Update On The Disentangler Model
After training I found a few issues with the disentangler model (designed to separate noise and voice for downstream consumption)
The model has multiple output heads, including raw embeddings for voice and noise, PCEN embeddings for voice and noise and fused embeddings (raw+PCEN) for voice and noise.
There were issues with the timing of these embeddings from each head, I carried out a number of tests on various approaches to eliminate, as much as possible, any latency on each head as well as ensuring that the final outputs were all aligned so downstream consumers could marry up the embeddings across heads without any further latency.
This lead to a few other refactors to improve the overall streaming architecture to ensure the best possible throughput without sacrificing quality needed for learning and downstream needs. It also led to the need to bolter my training dataset. Initially I was training on a customised triplet dataset that consisted of 1 million noise / voice / mixed 2 second triplet wav files all in English, but to ensure the model would be truly language agnostic I added an additional 1 million triplets from a variety of languages with enough global phoneme variation to ensure that the model didn't get too comfortable with English only.
Now the model has:
- Precise synchronization: All embeddings guaranteed to represent same time points
- 100Hz target resolution: Required for harmonic/prosodic learning
- Biological accuracy: Matches auditory cortex temporal processing
- Streaming compatibility: Seamlessly switches between training/inference modes
- Multi-scale features: Raw (transients) + PCEN (harmonics) + Fused (integrated)
- Time-specific access: perfect for proto-syllable learning
Key Strengths:
Perfect for downstream proto-learning:
aligned_emb = model.get_aligned_embeddings_at_time(audio, time_ms=150)
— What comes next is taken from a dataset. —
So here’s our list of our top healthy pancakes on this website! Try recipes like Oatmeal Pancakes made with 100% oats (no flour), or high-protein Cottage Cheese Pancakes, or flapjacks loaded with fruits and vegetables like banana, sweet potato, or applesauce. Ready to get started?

Gets voice_raw, voice_pcen, voice_fused all from exactly 150ms
Voice path will learn:
- Formant patterns (from voice-only clips)
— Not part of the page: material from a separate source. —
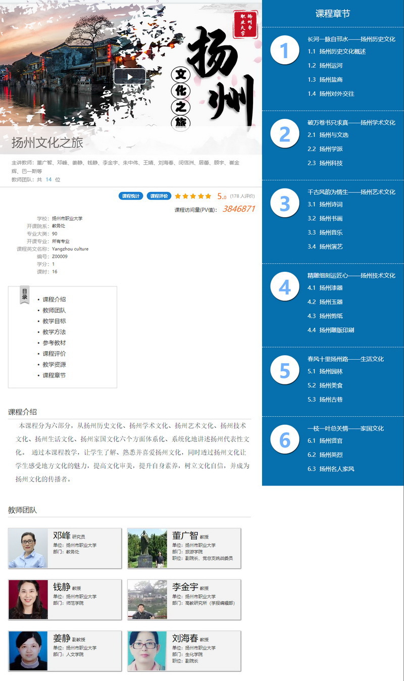 《扬州文化之旅》在线开放课程网址:http://mooc1.chaoxing.com/course/212656299.html

- Harmonic structures (from PCEN processing)
- Acoustic boundaries (from mixed vs voice comparison)
Proto-Syllable Discovery:
Temporal alignment enables:
- Onset/offset detection (voice vs mixed timing)
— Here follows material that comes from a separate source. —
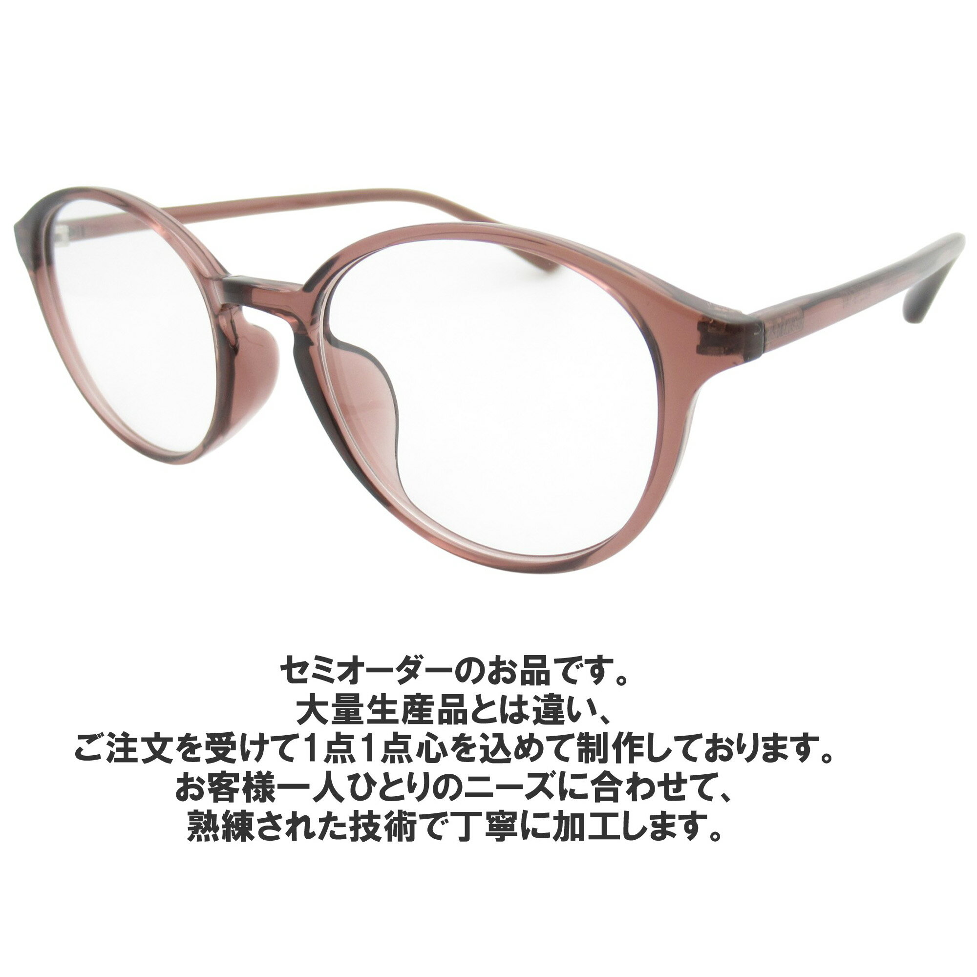 ブランド セミオーダーシニアグラス アイマックスオリジナル(老眼鏡) 品番 TR1161 49サイズ 特徴 商品説明 老眼鏡 - セミオーダー TR90フレーム 視力の変化に伴うお悩みを解決するために、熟練された技術で丁寧に加工された老眼鏡をご紹介します。このセミオーダーの老眼鏡は、軽量で柔軟性のあるTR90素材を使用し、どんなシーンでも快適に装うことができます。 セミオーダー対応: 大量生産品とは違い、ご注文を受けて1点1点心を込めて制作しております。お客様一人ひとりのニーズに合わせて、熟練された技術で丁寧に加工します。快適な装着感を追求し、長時間の使用でも疲れにくい設計です。 軽量なTR90フレーム: TR90素材のフレームが、軽量で柔軟性があり、快適な装着感を提供します。どんなファッションにも合わせやすく、日常使いにやオフィスに最適です。 UVカット機能対応: 限りなく透明に近いクリアレンズをセットします。 エレガントなデザイン: 年齢を問わず、多年齢層の方々にご愛用いただけるデザインです。高齢の方にも使いやすく、視力補正とおしゃれを両立させます。 この老眼鏡は、視力のサポートだけでなく、ファッションアイテムとしても優れた選択肢です。ぜひ、この機会にお試しください。 一般的に販売しているメガネフレームは通常、デモレンズ(ダミーレンズ)がセットされております。デモレンズは型崩れ防止用となりますので、そのままでは使えません。当店では、デモレンズを外して、メガネやサングラス用のレンズへ入れ替えてお届けしますので届いたらすぐにお使いいただけます。 ご不明な点がございましたらお気軽にお問い合わせくださいませ。 サイズ ■レンズ:49ミリ ■ブリッジ:19ミリ ■テンプル:140ミリ ■フレーム全幅:135ミリ ■高さ:45ミリ カラー ■フレーム:ライトブラウン・グレージュ・ブラック(TR90) ■レンズ:UVカットレンズ モニターや撮影状況などにより写真と実物の色合いが異なる場合がございます。 ケース・クロス等、付属品は入荷時期により色や形状が異なる場合がございます。 ギフト対応当店のメガネフレームは度付き・度なし対応のレンズ付きセット価格で販売しています。 たくさんの方から 「追加料金のかからないレンズはUVカット付きですか?」 との お問い合わせが多数ございました。 もっと お客様に、安心、安全、快適なメガネをお届けしたい・・・。 アイマックスのメガネは UVカット(UV400)&超撥水コート付き 反射を抑えたマルチコートレンズをセットしてお届けいたします。 有害な紫外線をほぼ100%カットする機能に加え、 汚れ防止の超撥水コート付きでお手入れしやすくなりました。 さらに、反射を抑えたマルチコーティングで明るくクリアな視界で快適。 度付きメガネはもちろんのこと、ダテメガネとしてお使いいただく場合も、 UVカット&超撥水コート付ハードマルチコートの レンズを使用してお作りします。 UVカット(UV400)って?? ※目に有害とされる紫外線の光(波長400ナノメートルまで)を ほぼ100%カットするUV400レンズを採用。 (光の波長400ナノメートルまでの紫外線UVAとUVB、 地球上に降り注ぐ有害な紫外線のほぼ100%をカットします。 超撥水コートって?? レンズ表面に撥水コートを施すことにより、滑りをよくしてキズがつきにくく 汚れを拭き取りやすくしたコーティングです。 また、レンズコーティングは 光の反射を抑え、明るくクリアに見える ハードマルチコートレンズを採用しております。 ダテメガネはプレゼントにもぴったり!!無料ラッピングをご希望の方は、お気軽にお申し付けください。 追加料金なしレンズの詳しい説明はこちらをご覧ください

- Coarticulation patterns (voice evolution in mixed)
- Prosodic structure (stress patterns in voice)
Noise Robustness:
Critical for real-world deployment:
- Learns voice features that persist despite noise
- Develops noise-invariant representations
- Handles variable SNR conditions
- Model Architecture: Streaming-ready with temporal alignment
- Training Pipeline: Progressive phases with proper state management
- Dataset: Optimal for self-learning voice/noise separation
- Downstream Ready: Aligned embeddings perfect for my proto-syllable learning
Biological Inspiration: Mirrors auditory cortex development
Expected Training Outcomes:
- Phase 1: Raw encoder learns transient patterns, onsets, FM sweeps
- Phase 2: PCEN encoder learns harmonic structures, formants, pitch
- Phase 3: Fusion layer integrates multi-scale voice representations
- Phase 4: Joint training optimizes full voice/noise disentanglement
Result: A streaming-capable model that separates voice from noise with aligned multi-scale embeddings, ready for downstream
proto-phoneme/syllable learning and other auditory cortex modules.
The one big downside of all these enhancements - My batch-size has had to be reduced from 96 right down to 32 (even 48 hit the limits of my RTX4090). This isn't helpful for the NT-XENT separation which works better with larger batch sizes, and now with 1 million additional triplets in the dataset, a single epoch takes close to 6 hours and I am expecting to need at least 60+ epochs per training phase, so it's going to be a long wait to test the outcome.
Next steps - Build a decoder to convert fused embeddings back into audio (this will be used for testing as well as later for the model to learn to speak), build the instinct head and update the proto learners with the new outputs from the disentangler model.